Quelqu’un vous a confiée

? C’est une explication plutôt inhabituelle. Êtes-vous médecin ou autre chose

?

» Bai Qianqian était un peu perplexe. Il n’y avait pas de femmes médecins au palais, et elle ne ressemblait pas non plus à une servante. Quelle était sa véritable identité

?

« Nous ne sommes que… des connaissances. » Ils avaient été assassins pour le Hall de la Mort, mais malgré leur appartenance à la même faction, ils se parlaient rarement. Leurs missions respectives les amenaient à se voir rarement, et elle lui avait déjà rendu la pareille. Ils n'étaient plus que des connaissances. Depuis qu'elle avait quitté le Hall de la Mort, elle n'était plus la sorcière Bingye

; elle s'appelait désormais Piaoye.

« La connaître ? » Peu de gens devraient connaître Aigle Volant. C'était un assassin, alors logiquement… se pourrait-il… qu'elle soit… « Tu es… la sorcière Feuille de Glace ! » s'exclama Bai Qianqian d'une voix assurée et enthousiaste.

« Ce n'est plus comme ça. » Désormais, elle vivrait sa vie comme elle l'entendait. Même si échapper à la traque du Hall du Meurtre Absolu avait été une véritable épreuve, au moins elle était libre et n'aurait plus à passer sa vie à tuer ou à tenter de tuer… « Il doit être en sécurité maintenant, n'est-ce pas ? J'ai donc accompli ma mission. Au revoir. » Sur ces mots, prononcés d'un ton indifférent et posé, Piaoye se tourna et partit.

« Attends ! Piaoye… si tu veux, on peut être amies ? » Bai Qianqian lui serra la main, le regard fixé sur elle, plein d’espoir. « Je t’admire, je t’aime beaucoup ! On peut être amies ? »

« Toi… » À cet instant, Piaoye fut surprise. Personne ne l’avait jamais regardée avec autant de sincérité. Ses émotions vacillèrent légèrement. Des amis ? Ils lui semblaient si loin… « Inutile, je n’y suis pas habituée. » Elle refusa calmement. À cet instant précis, elle était constamment traquée par le Hall de la Mort Absolue. Elle était le danger incarné ; comment pouvait-elle impliquer qui que ce soit ?

«

Tu as quelque chose en tête

? Hehe, je n’ai pas peur des ennuis. Ne t’inquiète pas, personne ne me fera de mal. Aigle Volant n’est-il pas comme toi

?

» Bai Qianqian dissipa une fois de plus ses inquiétudes, celles qu’elle avait perçues dans ses yeux.

«

…D’accord, à partir de maintenant, nous sommes amis

!

» Pour la première fois, Piaoye esquissa un sourire sincère, la première fois qu’elle baissait sa garde. Ce sentiment… était si agréable. Pas étonnant que Flying Eagle l’ait tant protégée, jusqu’à sacrifier sa propre vie.
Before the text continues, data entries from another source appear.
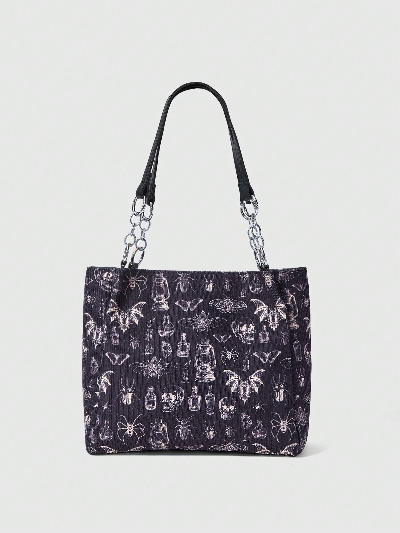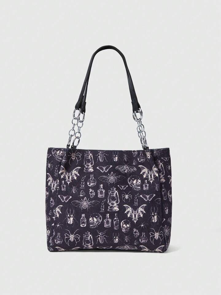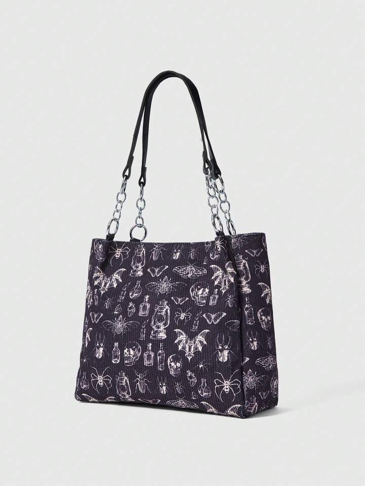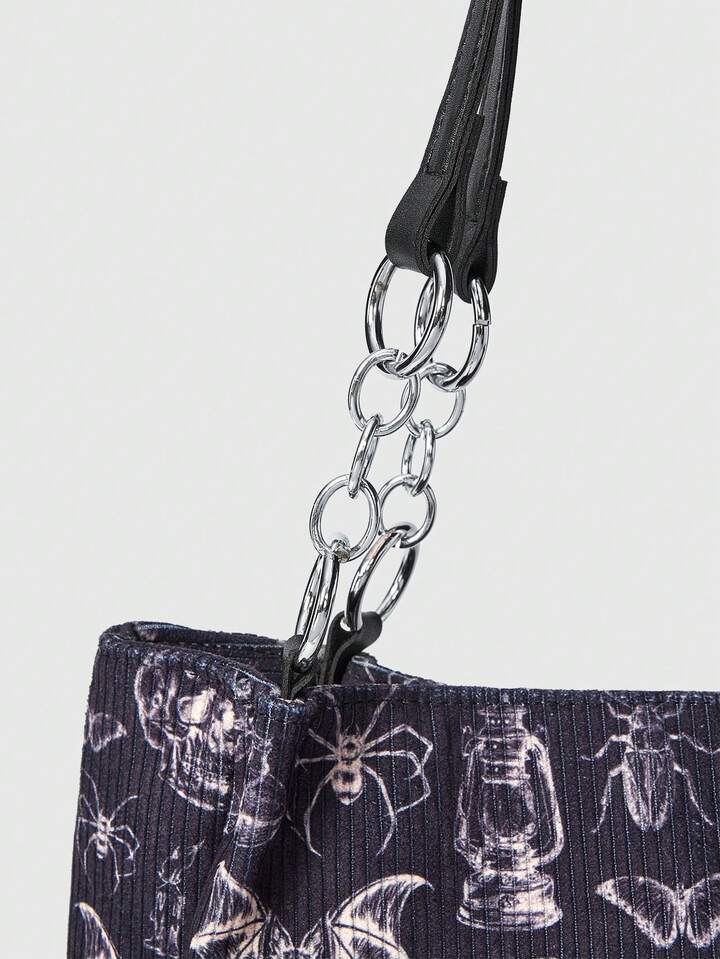 Grunge Punk Women's Fashionable Large Capacity Bat Pattern Shoulder Bag
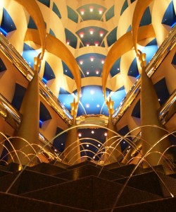 Не може да не поставим на първо място рубина в тюрбана на Дубай и целия арабски свят, която замайва с лукс, достъпен само на шейховете. Ако искате да се почувствате като в приказка от „1001 нощ“, задължително трябва да посетите най-големия хотел в света и единствения 7 звезден хотел на планетата. Създаден е по проект на Том Райт и с височината си от 321 м. е най-високият хотел в света. Построен е върху изкуствен остров на плажа Джумейра и е свързан с останалата част от града посредством самостоятелен виещ се мост. Строителството на хотела започва през 1994 г. и отваря врати на 1 декември 1999 г.
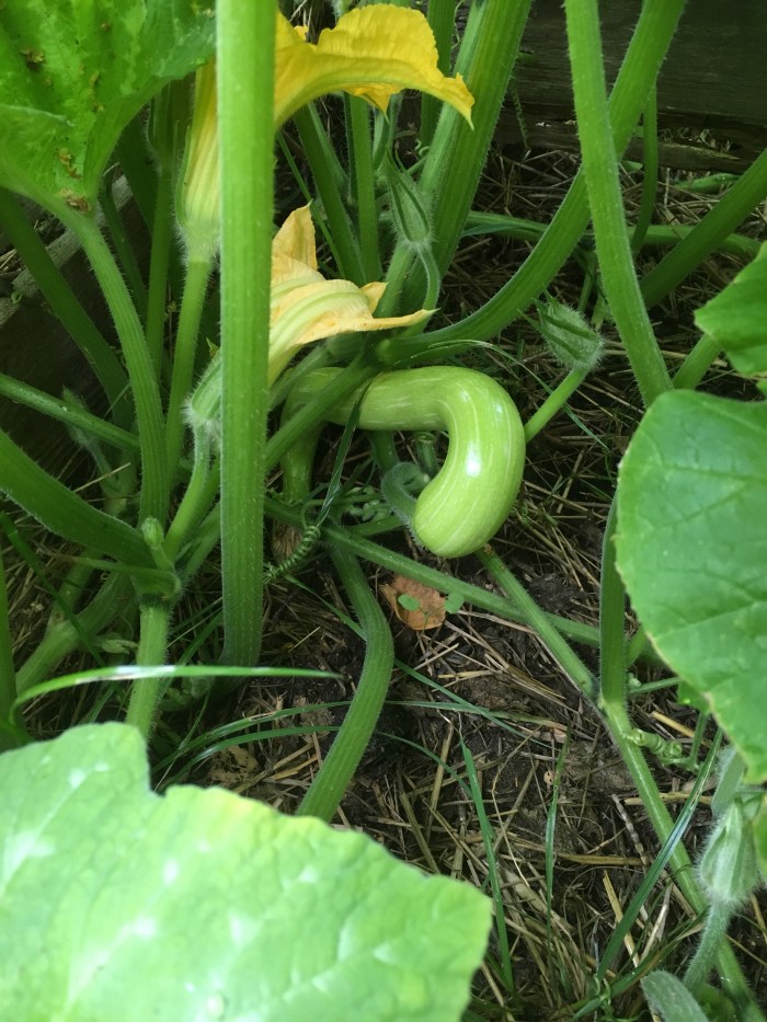 At first small, they quickly grow and can reach three foot long. We pick them at about a foot in length and cook them in dishes that recommend courgettes.
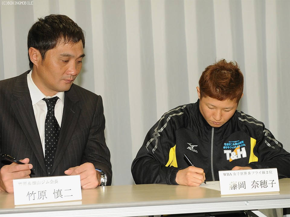 女子最強決戦を明日に控えた12日、東京・後楽園ホールの展示会場でWBA女子世界スーパーフライ級タイトルマッチの調印式が行われた。笑顔で会見場に現れた王者の山口直子(35=白井・具志堅)とは対象的に、元WBC女子世界ミニフライ級王者で現WBAスーパーフライ級2位の藤岡奈穂子(38=竹原&畑山)は、若干強張った表情で会見に臨んだ。
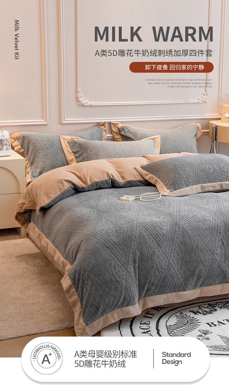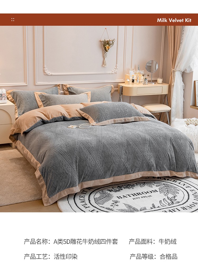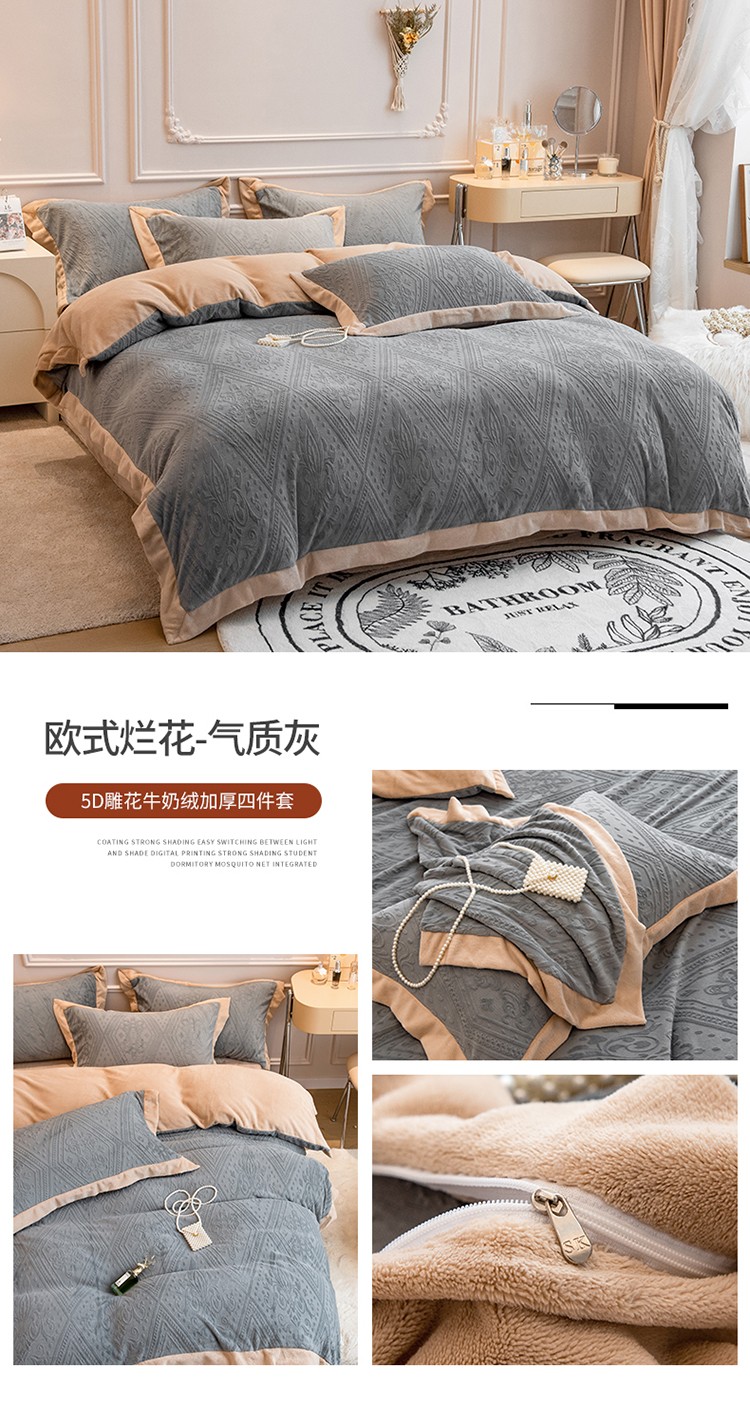 丝幔新款全消光5D雕花牛奶绒四件套 欧式烂花-气质灰
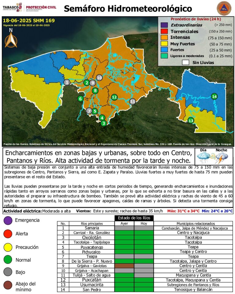 Sistemas de baja presión en conjunto a una alta entrada de humedad favorecerán lluvias intensas de 75 a 150 mm en las subregiones de Centro, Pantanos y Sierra, así como E. Zapata y Paraíso. Lluvias fuertes a muy fuertes de hasta 75 mm pueden presentarse en el resto del Estado.
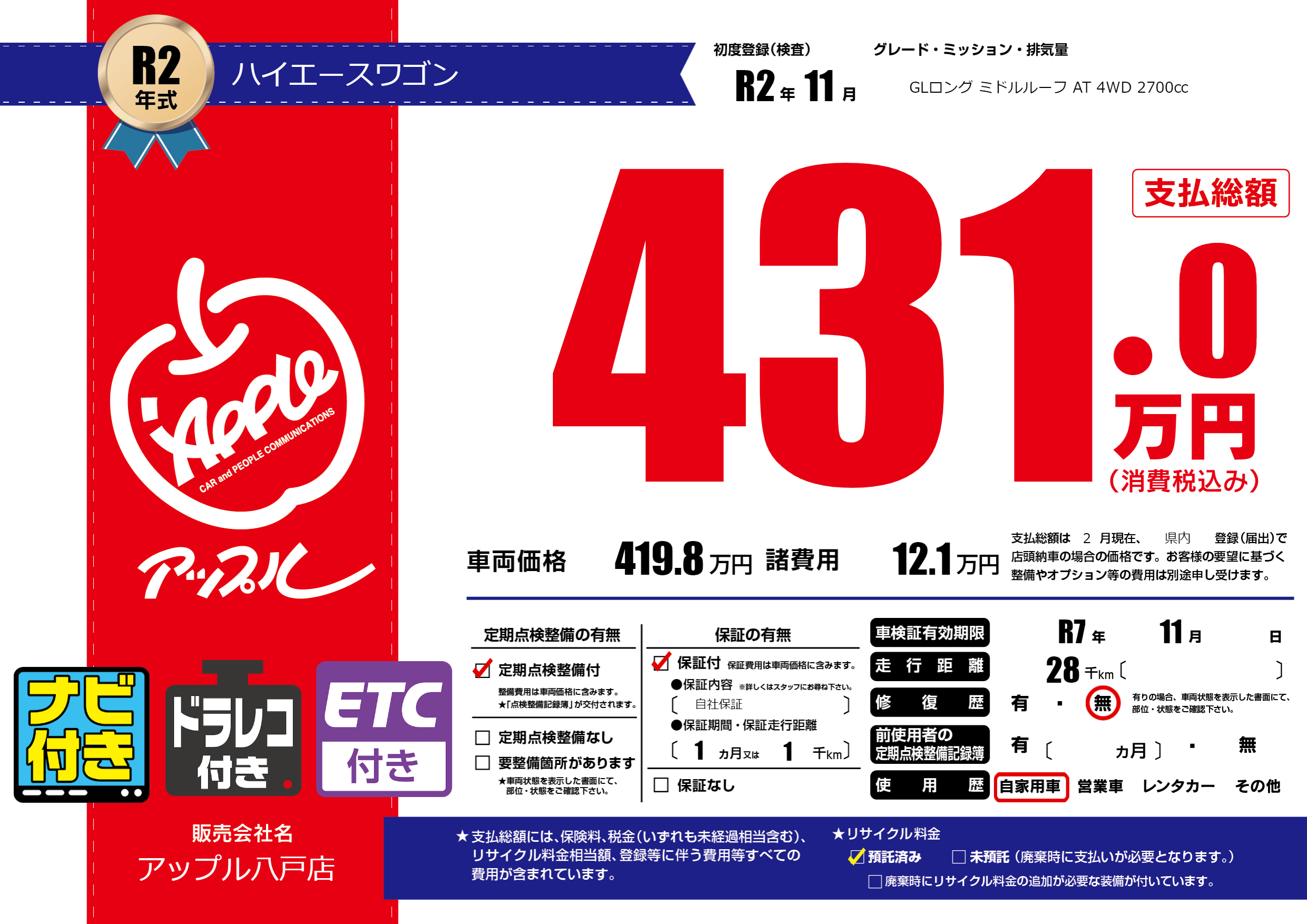 | 車検制限 | R7年 11月 - 日 | ||

« Piaoye, tu as un si beau sourire ! Tu devrais sourire plus souvent ! » Bai Qianqian souriait, amoureuse. Héhé, elle s'était fait une autre belle amie !

« J’ai… souri ? » Ai-je vraiment souri ? Je ne me souviens même plus de la dernière fois que j’ai souri. « Merci, mais je dois aller à Dali pour affaires. Une fois que j’aurai terminé, je serai enfin libre. Je viendrai vous retrouver. » Avec un autre sourire radieux, Piaoye s’éloigna avec grâce.